WASHINGTON — Typically, the FBI has turned to polygraph tests to sniff out employees who might have betrayed their country or shown they cannot be trusted with secrets.

Since Kash Patel took office as the director of the FBI, the bureau has significantly stepped up the use of the lie-detector test, at times subjecting personnel to a question as specific as whether they have cast aspersions on Patel himself.

In interviews and polygraph tests, the FBI has asked senior employees whether they have said anything negative about Patel, according to two people with knowledge of the questions and others familiar with similar accounts.

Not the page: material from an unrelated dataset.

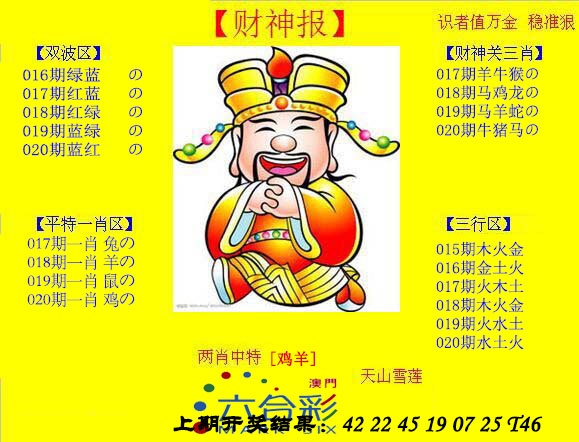020期: 澳门六合彩彩圖信封【黄财神报】每期自动更新

The use of the polygraph, and the nature of the questioning, is part of the FBI’s broader crackdown on news leaks, reflecting, to a degree, Patel’s acute awareness of how he is publicly portrayed. The moves, former bureau officials say, are politically charged and highly inappropriate, underscoring what they describe as an alarming quest for fealty at the FBI, where there is little tolerance for dissent. Disparaging Patel or his deputy, Dan Bongino, former officials say, could cost people their job.

“An FBI employee’s loyalty is to the Constitution, not to the director or deputy director,” said James Davidson, a former agent who spent 23 years in the bureau. “It says everything about Patel’s weak constitution that this is even on his radar.”

The FBI declined to comment, citing “personnel matters and internal deliberations.”